How do you explain Machine Learning and Data Mining to non Computer Science people?

I’ll talk about one aspect/technique of machine learning/data mining.

Let me begin with an admittedly contrived situation. Suppose there are a bunch of tiny balls that are magically floating in a room. (Bear with me…) We’d like to know whether there’s any particular structure to the positions of the balls. For example, do the balls tend to cluster together in certain areas? Do the balls avoid certain spots? Are they evenly distributed everywhere?

However, the room is completely dark, so we can’t see anything. But we do have a flash camera that allows us to take pictures of the floating balls in the room.

So we take a photo, and it looks like this:

From this photo we’re not able to discern much structure, if there even is any, in the positions of the balls. The balls look more or less evenly distributed from this perspective. So we try moving laterally and taking another photo from that new vantage point.

The balls still look pretty much randomly distributed, with no particular patterns. Let’s try taking a photo from a higher angle.

Hmm, still nothing notable here. Okay, let’s try it one last time, lowering our perspective.

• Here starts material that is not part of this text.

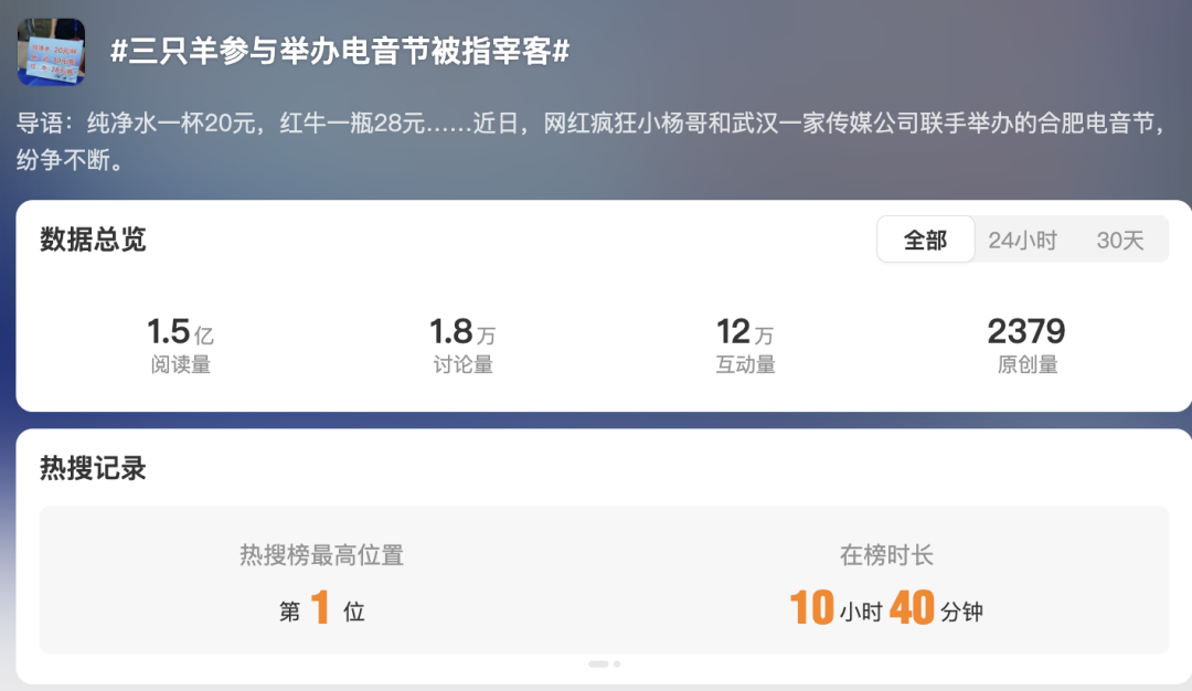 不久前,小杨哥又因为主办的电音节“物价高到离谱”被质疑宰客而登上热搜第一,有网友吐槽,活动现场,一杯纯净水卖20元,红牛和脉动则分别卖到了28元和30元一瓶。

Ah-ha! We’ve just discovered something interesting: it looks like the balls are either located near the ground or near the ceiling of the room, and there are no balls that are located in between those two clusters. In order to discover this structure, we needed to take a photo of the room from a “good” angle. The structure could not have been discovered from the previous “bad” angles.

In the situation I’ve just described, we are looking at 3-dimensional data points — — the positions of our floating balls are described by a collection of 3 numbers (x coordinate, y coordinate, and z coordinate). But there are problems in which our data points are described by much larger collections of numbers. For example, a medical record for a hospital patient may consist of 500 numbers: date of birth, height, weight, blood pressure, date of last hospital visit, cholesterol, etc etc etc. We may be interested in figuring out whether these data points have any structure — — for example, are heart attack sufferers’s data points clustered together in any way? If so, if in the future we identify a new hospital patient’s data point as being close to that cluster, then we may label them as being at risk for a heart attack. (NB: In reality it probably wouldn’t be so simple, of course.)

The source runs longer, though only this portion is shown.